Dios llama al hombre a su servicio. El hombre debe ser compañero y colaborador de Dios en el desarrollo de su Reino. Ya en el bautismo recibimos la llamada personal de Dios, para participar en la redención. Jesús nos invita a entregarnos totalmente por su misión, de seguirle generosamente en su camino.
El Señor formula tres exigencias para los que le quieren seguir:
PRIMERA EXIGENCIA: “EL QUE ENCUENTRA SU VIDA, LA PERDERÁ: Y EL QUE PIERDA SU VIDA POR MÍ, LA ENCONTRARÁ”.
Jesús exige renunciamiento a la realización arbitraria de la vida; exige la lucha contra el egoísmo y la obstinación; exige entregar y arriesgar la vida para Él y su Reino.
Sabemos y experimentamos cada día nuevamente que el egoísmo está muy dentro de nosotros mismos. E incluso, si no podemos aniquilar este virus del mal hasta el fin de nuestra vida, lo que importa es que estemos luchando contra él hasta el último día.
Sólo esta abnegación de sí mismo, sólo esta renuncia del amor egoísta hace al hombre libre, abierto y generoso por el amor a Dios y por el amor a los demás.

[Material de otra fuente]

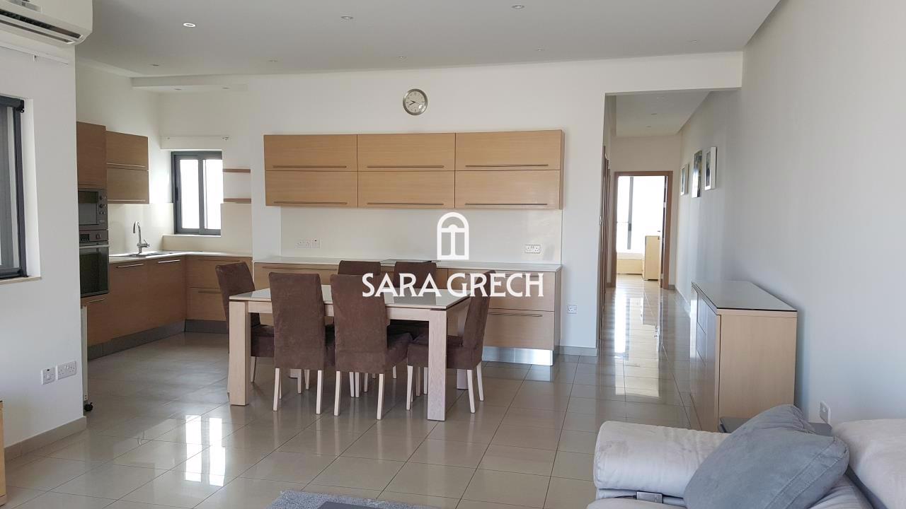 Spacious furnished Penthouse in Bahar Ic-Caghaq. Accommodation is in the form of an extremely large combined sitting/living, kitchen/dining overlooking front Terrace, Bathroom, 2 Bedrooms, master with En suite and a back Terrace. and a 1 car garage

Cada uno por su camino y según los dones de la gracia está llamado a cumplir servicial y desinteresadamente sus tareas humanas, por amor a los suyos y a todos los hombres, y, en definitiva, solamente así vamos a encontrar la vida eterna.
SEGUNDA EXIGENCIA: “EL QUE NO TOMA SU CRUZ Y ME SIGUE, NO ES DIGNO DE MÍ”.
La disposición para el sufrimiento, la pena y la cruz en el camino del seguimiento, es otra exigencia. No debemos buscar el sufrimiento, pero tenemos que aceptarlo si nos es impuesto, abrazar la cruz, por amor a Jesús y a la voluntad de Dios Padre.
Jesucristo mismo también se enfrentó con esta dolorosa realidad humana, que desconcierta a muchos. Su vida es un camino de Cruz. Se enfrentó con el sufrimiento, lo santificó, lo sublimó y nos dejó el mensaje consolador de que la cruz tiene un sentido altamente redentor.
Tomemos, por eso, con fuerza y fidelidad nuestra cruz de cada día, el gran medio de redención y semejanza con Jesús y sigámosle.
TERCERA EXIGENCIA: “EL QUE AMA A SU PADRE Y A SU MADRE MÁS QUE A MÍ, NO ES DIGNO DE MÍ; Y EL QUE AMA A SU HIJO O A SU HIJA MÁS QUE A MÍ, NO ES DIGNO DE MÍ”.
A primera vista parece ser una exigencia un poco oscura. Porque Dios mismo nos puso en el corazón el amor natural a los seres queridos. Y todos experimentamos de forma positiva o negativa cuán decisivo es el ambiente de la familia natural en el éxito o fracaso de la vida humana. Una inmensa responsabilidad gravita sobre los padres, en su obligación de desarrollar la vida religiosa en sus hijos. Porque padre y madre, en primer lugar, son los responsables de que los suyos encuentren una relación profundamente personal con Dios, un amor sano hacia Dios y hacia los demás. Por eso, como en ningún otro campo de la vida humana, es necesario la conducción de Dios en la educación y formación de la juventud.
Pero Jesús no se pronuncia contra este amor familiar natural. Pone en claro el criterio, cuando se trata de jerarquizar el amor: Dios está por encima de todo. Las exigencias más nobles del amor humano pasan al segundo plano.
Creo que, en nuestra época de conflictos de generación, sobre todo los jóvenes que sienten vocación religiosa, se encuentran ante esta alternativa. Porque no raras veces tienen que conquistarse su misión personal, tienen que tomar sus decisiones de vida, tienen que arreglar su propia existencia- contra la opinión y contra la voluntad de sus padres y familiares. Pero también cada uno de nosotros puede llegar, un día, a la situación de tener que renunciar a afectos familiares o amistosos, para poder obedecer a Dios, sin ninguna restricción.